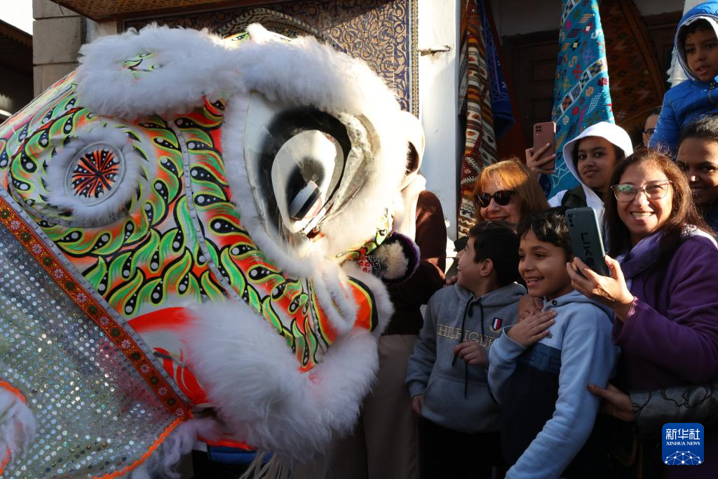 1月22日,人们在摩洛哥首都拉巴特老城里观看舞狮表演。
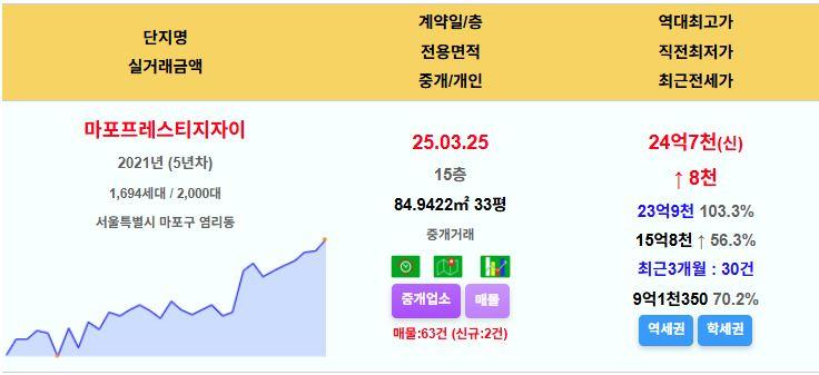 마포프레스티지자이 34평 24.7억 신고가
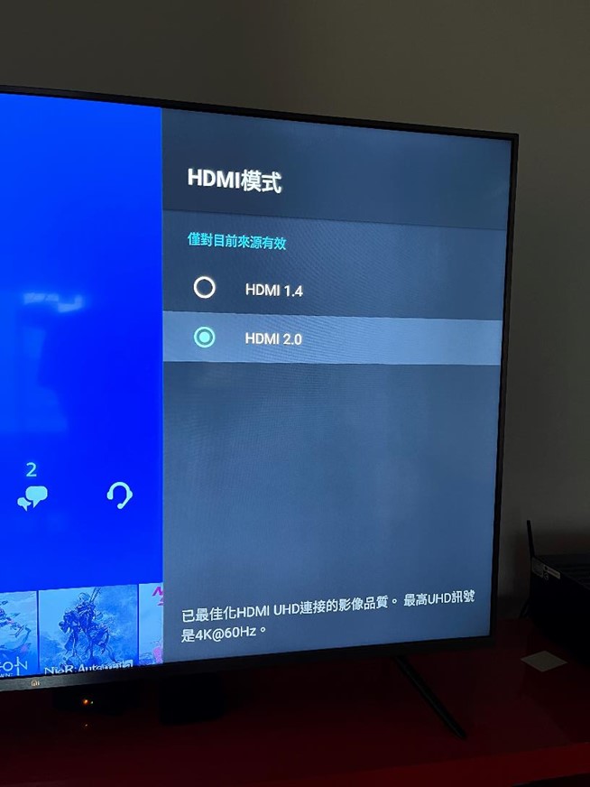 這裡稍微提醒一下大家,像是連接 PS4 Pro 或是緊接要來 PS5 等支援 4K60P HDR 高解析度的遊戲機等設備時,需要使用配合的線材,並且在 HDMI 設定中開啟 HDMI 2.0 的連線輸出模式,才會開啟完整的 4K 60P 與 HDR 同時支援的效果。

_GOAL OF THE EXERCISE_
Everything from the line with "마포프레스티지자이 34평 24.7억 신고가" through the last line above must be repeated exactly, except the pictures.

_SOLUTION FOR THIS TASK_
 마포프레스티지자이 34평 24.7억 신고가
 這裡稍微提醒一下大家,像是連接 PS4 Pro 或是緊接要來 PS5 等支援 4K60P HDR 高解析度的遊戲機等設備時,需要使用配合的線材,並且在 HDMI 設定中開啟 HDMI 2.0 的連線輸出模式,才會開啟完整的 4K 60P 與 HDR 同時支援的效果。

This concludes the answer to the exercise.